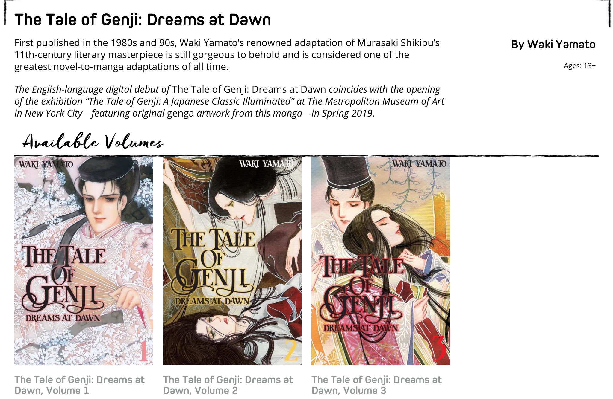 First published in the 1980s and 90s waki yamatos renowned adaptation of murasaki shikibus 11th century literary masterpiece is still gorgeous to behold and is considered one of the greatest novel to manga adaptations of all time. The tale of genji scroll c. Several sheets of paper pasted together and. A re telling of the tale of genji in manga form.
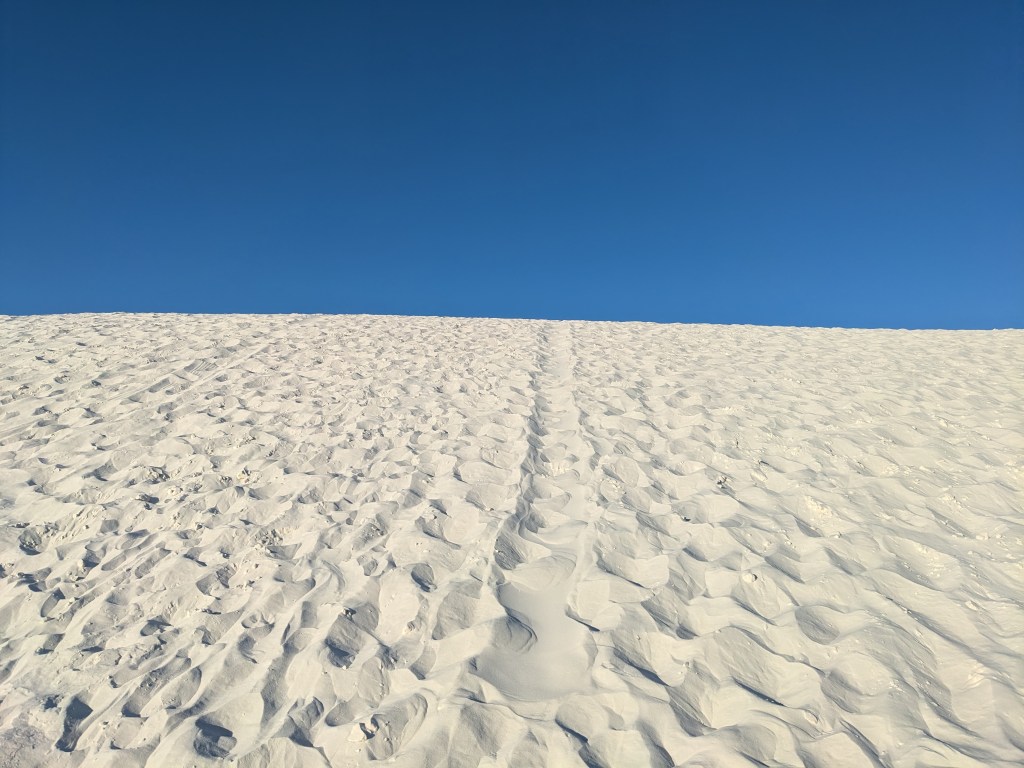 White Dunes is actually pretty wet for a desert — you can’t see the water, but a high water table just under the surface is what holds all that ultra-fine sand together. It supports a lot of wildlife, too, but most of the sensible creatures only comes out at night, so the most you can hope to see during the day is footprints.
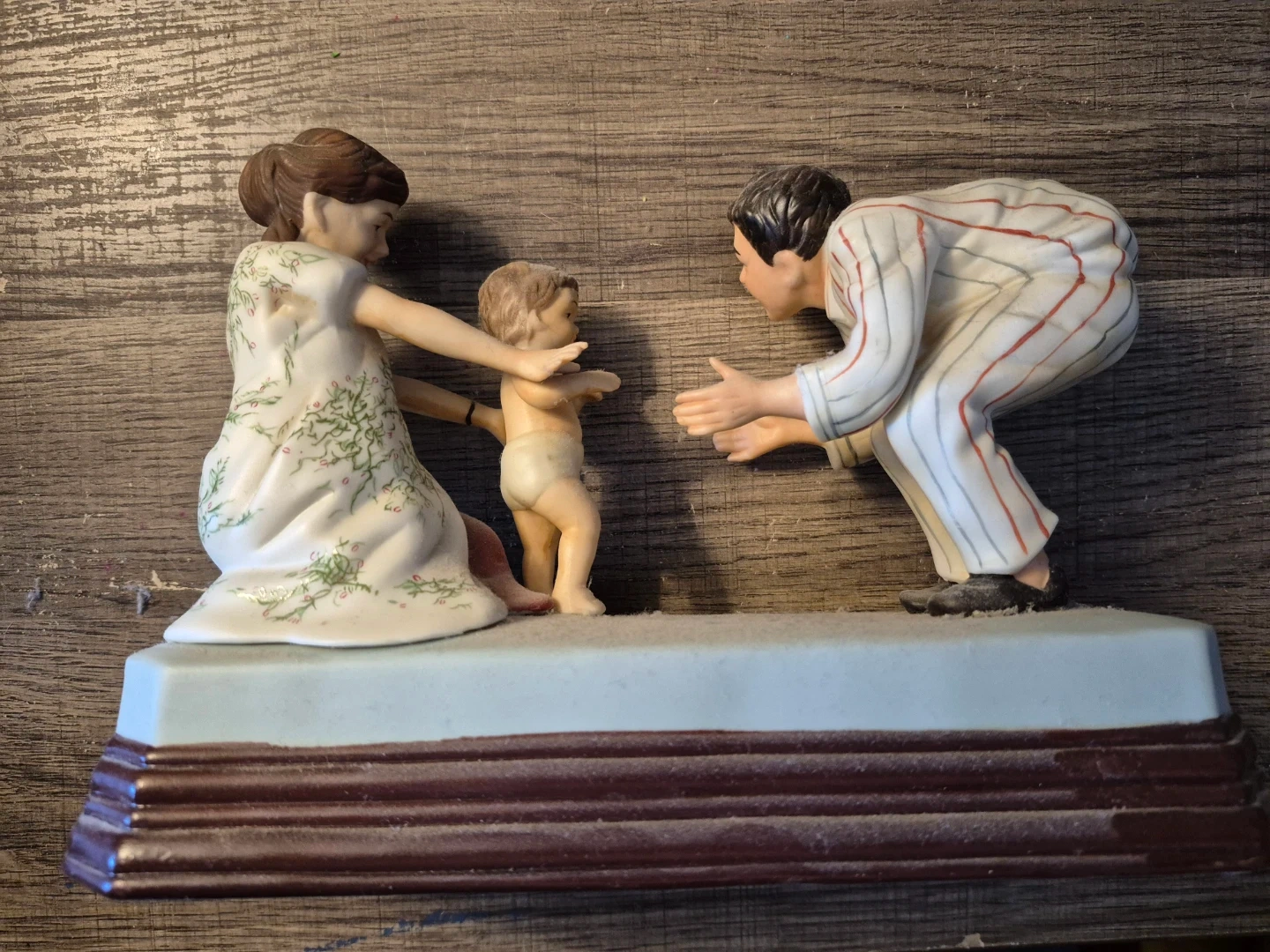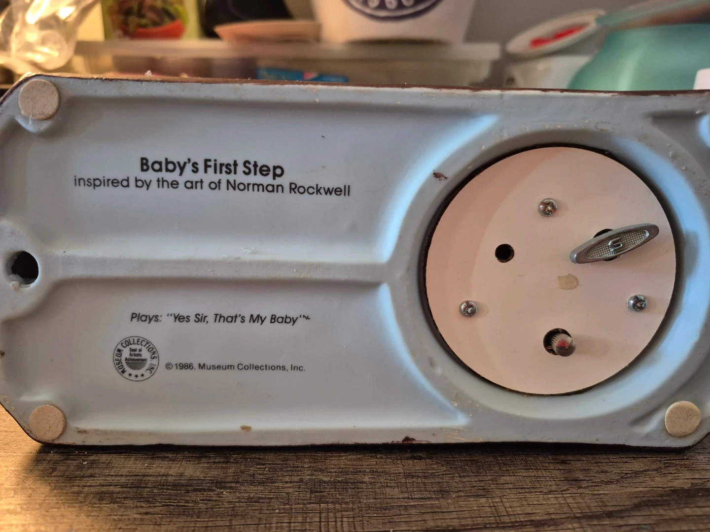 This is a vintage Norman Rockwell figurine titled "Baby's First Step". It's inspired by the art of Norman Rockwell and plays the tune "Yes Sir, That's My Baby". It was made in 1986 by Museum Collections, Inc
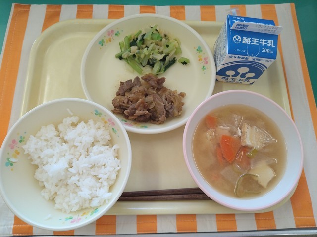 今日の献立は「ごはん、牛乳、豚肉と玉ねぎの炒め物、キャベツの浅漬け、南蛮汁」です。南蛮は、室町時代以降に日本に来航した、ポルトガルやスペインなどの外国人やその文化を表す言葉として使われています。「ネギ」や「唐辛子」といった、当時、日本にはなかった食材を使った料理に「南蛮」の名前が付けられています。
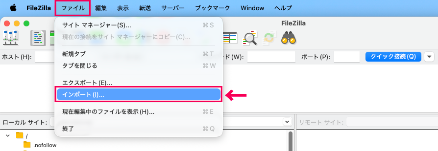 FileZillaを起動して上部メニューから「ファイル」>「インポート」を選択します。
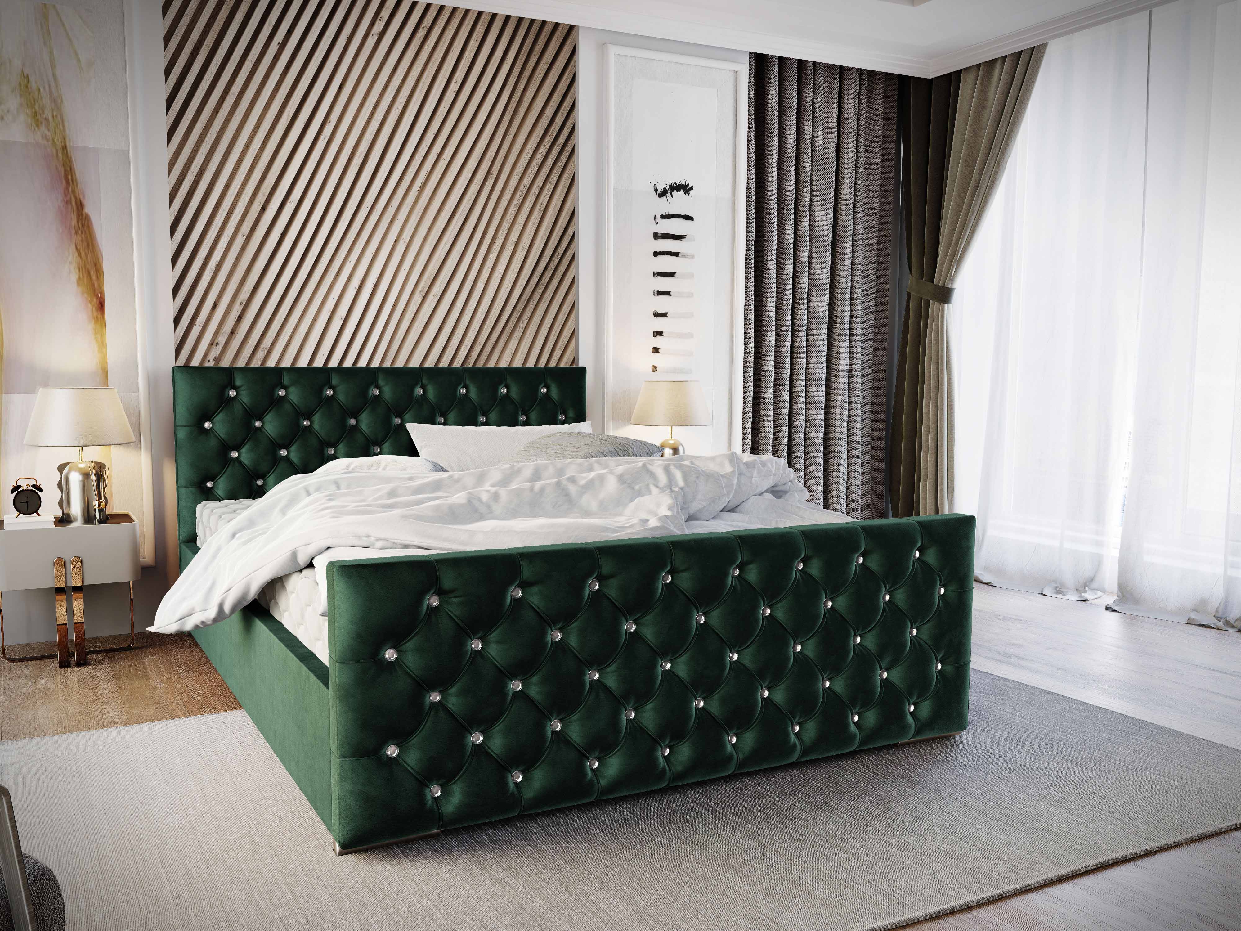 Manželská posteľ 160 cm Quintin (tmavozelená) (s roštom a úložným priestorom)

▬▬▬▬▬▬▬▬▬▬

- [Task to carry out] Set down the records again verbatim, with no pictures.

- [Answer box]
 First published in the 1980s and 90s waki yamatos renowned adaptation of murasaki shikibus 11th century literary masterpiece is still gorgeous to behold and is considered one of the greatest novel to manga adaptations of all time. The tale of genji scroll c. Several sheets of paper pasted together and. A re telling of the tale of genji in manga form.
 White Dunes is actually pretty wet for a desert — you can’t see the water, but a high water table just under the surface is what holds all that ultra-fine sand together. It supports a lot of wildlife, too, but most of the sensible creatures only comes out at night, so the most you can hope to see during the day is footprints.
 This is a vintage Norman Rockwell figurine titled "Baby's First Step". It's inspired by the art of Norman Rockwell and plays the tune "Yes Sir, That's My Baby". It was made in 1986 by Museum Collections, Inc
 今日の献立は「ごはん、牛乳、豚肉と玉ねぎの炒め物、キャベツの浅漬け、南蛮汁」です。南蛮は、室町時代以降に日本に来航した、ポルトガルやスペインなどの外国人やその文化を表す言葉として使われています。「ネギ」や「唐辛子」といった、当時、日本にはなかった食材を使った料理に「南蛮」の名前が付けられています。
 FileZillaを起動して上部メニューから「ファイル」>「インポート」を選択します。
 Manželská posteľ 160 cm Quintin (tmavozelená) (s roštom a úložným priestorom)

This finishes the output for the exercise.